Have you really thought this property thing through? I worry that ‘the Layman’ is not looking out for your best interest. What would be the long term consequences of being able to just split on a whim? Maybe you should get out in front of it and declare that if you choose to leave, you will not try to take any property with you. That will free you to focus on the theology of your movement rather than on the mammon of it. If you get the content right, land and buildings will not be a problem. Jesus left specific instructions on that matter.

Just a thought,


Ray Schroeder said...
This comment has been removed by a blog administrator.
Ray Schroeder said...

In reading about the "Louisville Papers," including a document entitled "Church Property Disputes," I found it hard to get too incensed.
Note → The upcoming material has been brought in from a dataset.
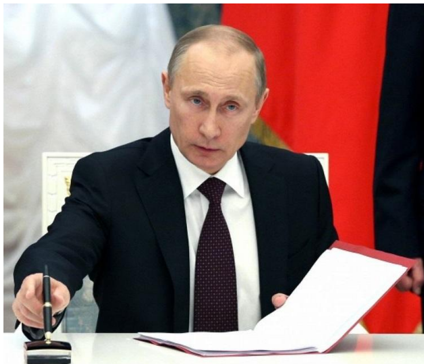
Президент Российской Федерации Владимир Владимирович Путин

В целях сохранения военно-исторического и культурного наследия, укрепления единства русского народа и в связи с исполняющимся в 2021 году 800-летием со дня рождения государственного деятеля и полководца князя Александра Невского п. 3. Рекомендовать органам государственной власти субъектов Российской Федерации и органам местного самоуправления принять участие в подготовке и проведении празднования 800-летия со дня рождения князя Александра Невского п о с т а н о в л я ю:

I was reminded of Romans 2:1: "Therefore you have no excuse, whoever you are, when you judge others; for in passing judgment on another you condemn yourself, because you, the judge, are doing the very same things."

The Layman advertizes on its own website a booklet about dealing with church property laws: "This book offers an indispensable guide to navigating the troubled waters surrounding potential court disputes over local church property ownership and use."

Everyone's way too concerned about bricks and mortar. We all need to be reminded that the church is the people. If a church desires to leave the denomination and the presbytery wants their property then give it to them--maybe even throw in a little extra ("and if anyone wants to sue you and take your coat, give your cloak as well;").

Both sides could take a lesson from someone who once said, "learn from me, for I am meek and humble of heart."

Anonymous said...

Dear Jodie - the Layman may have said that they got the documents anonymously, but should you like to confirm that they are indeed PCUSA endorsed documents log onto and look at the Advisory Opinion on Church property...Note 11. They (PCUSA) advise you that the document is so long that it is provided in a downloadable Adobe pdf format. So the content is there for you to confirm in all it's glory.

As for your other scenerios if the "denomination" is anything like the PCUSA is currently ...I say let the folks sell the property, I'm sure they'll put the money to better use than "it" will.

Sincerely - Nancy

Anonymous said...

Jodie wrote, "Dan Rather was sacked for reporting on exactly that kind of literature." A couple of corrections. First, Dan Rather was not sacked. Some of the producton staff who worked on the story were sacked, but Rather was allowed to stay on. He chose to resign.

Second, the issue was not reporting on confidential or first draft documents. The issue was reporting on bogus, counterfeit documents. The reporters failed in their professional duties not becuase they made confidential documents public, but that they treated false documents as if genuine. They should have checked to be sure the documents were the real thing, not clever fakes.

A lot of modern reporting is based on information (documents or comments) leaked by people who know things other people don't want told. Every time you read or hear phrases like "a source close to" or "confidential documents we obtained," you're hearing things like what the Layman's reporting here. We the reading public must trust that the reporters for the Times or CNN have done their work to intependently verify the authenticity and accuracy of the documents or information obtained.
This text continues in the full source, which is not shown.